Первое слово, приходящее в голову при определении этого мятежного протопопа-старообрядца, - истовость. Это слово обычно интерпретируется как истинность, подлинность, но есть и другое, более расширительное значение - посвященность, полная самоотдача собственной вере во что-то. Недаром "духовной дочерью Аввакума" себя называла боярыня Морозова, запечатленная Суриковым, когда она с такими же истовыми раскаленными глазами вскинула над головой двуперстие. Истовость помогала побеждать страх в борьбе, но иногда бывала близорукой. Так через много лет случилось с Александром Солженицыным, проявившим величие личного мужества, но и одновременно историческую недальновидность в отстаивании той России, которая не могла сохраниться такой, как ему бы хотелось. Эпоха двуперстия безвозвратно прошла, как и эпоха земства. Пожалуй, за всю историю Руси не было двух людей настолько трагически схожих, как протопоп Аввакум и Солженицын.

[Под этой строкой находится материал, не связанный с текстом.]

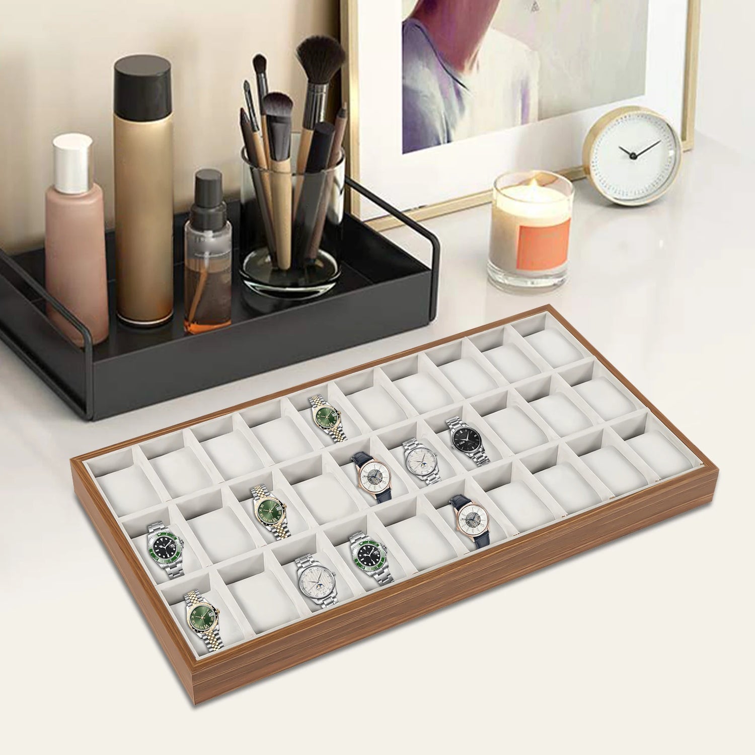 Un Coffret Présentoir En Bois Pour Montres Avec 30 Compartiments Et Coussins En Velours Amovibles.
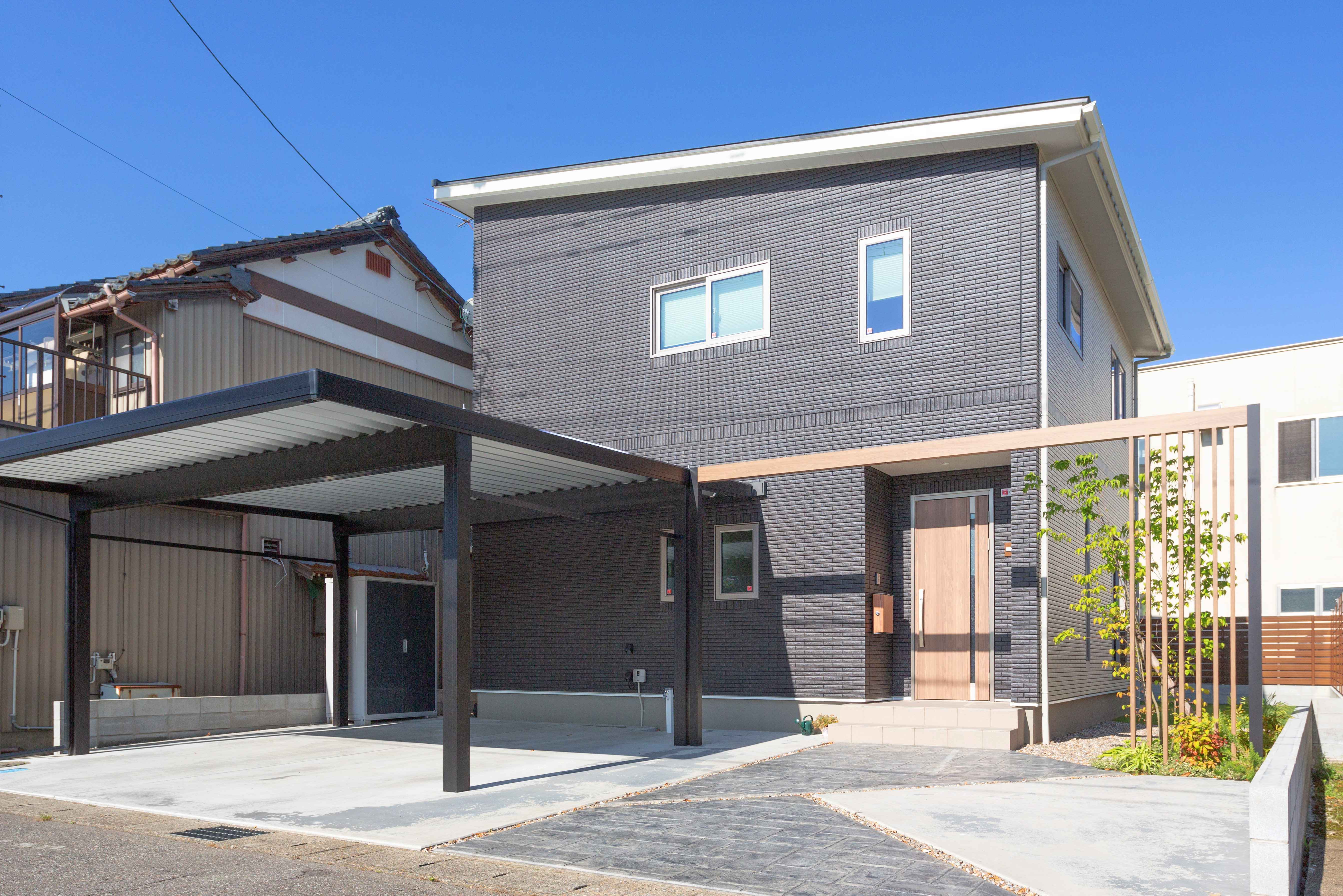 シンプルながらも玄関ドアと建物とマッチングした飽きのこないファサードに。

Чем больше ударов судьбы сыпалось на Аввакума, тем больше он укреплялся в сознании того, что он единственный имеет право говорить от имени Бога и что только в его, Аввакумовых устах - истина. Точно так же думал о себе и его противник Никон, в котором для Аввакума собралось все зло земное, в то время как он, Аввакум, был воплощением зла в глазах Никона. На Руси образовалось троецарствие - сам царь и двое соперников, претендующих на роль царя духовного. Этого оказалось многовато даже для такой немаленькой страны, как Русь-матушка. От лишних царей всегда находятся способы отделаться. Никон был низложен, Аввакум был заживо сожжен в срубе.
Переходила истовость в неистовость
горящего пророка во плоти,
и книгу Аввакума перелистывать,
как будто в сруб пылающий войти.
Сруб залитый шипит. Все в дым окутано.
Сгорела вмиг истории глава.
Как угольки от сруба Аввакумова,
погасли Солженицына глаза.
Как ему было больно, как израненно
оперся о трибуну он, когда
позевывали думские избранники,
не чувствуя ни боли,ни стыда.
Здесь втайне все хотят быть президентами.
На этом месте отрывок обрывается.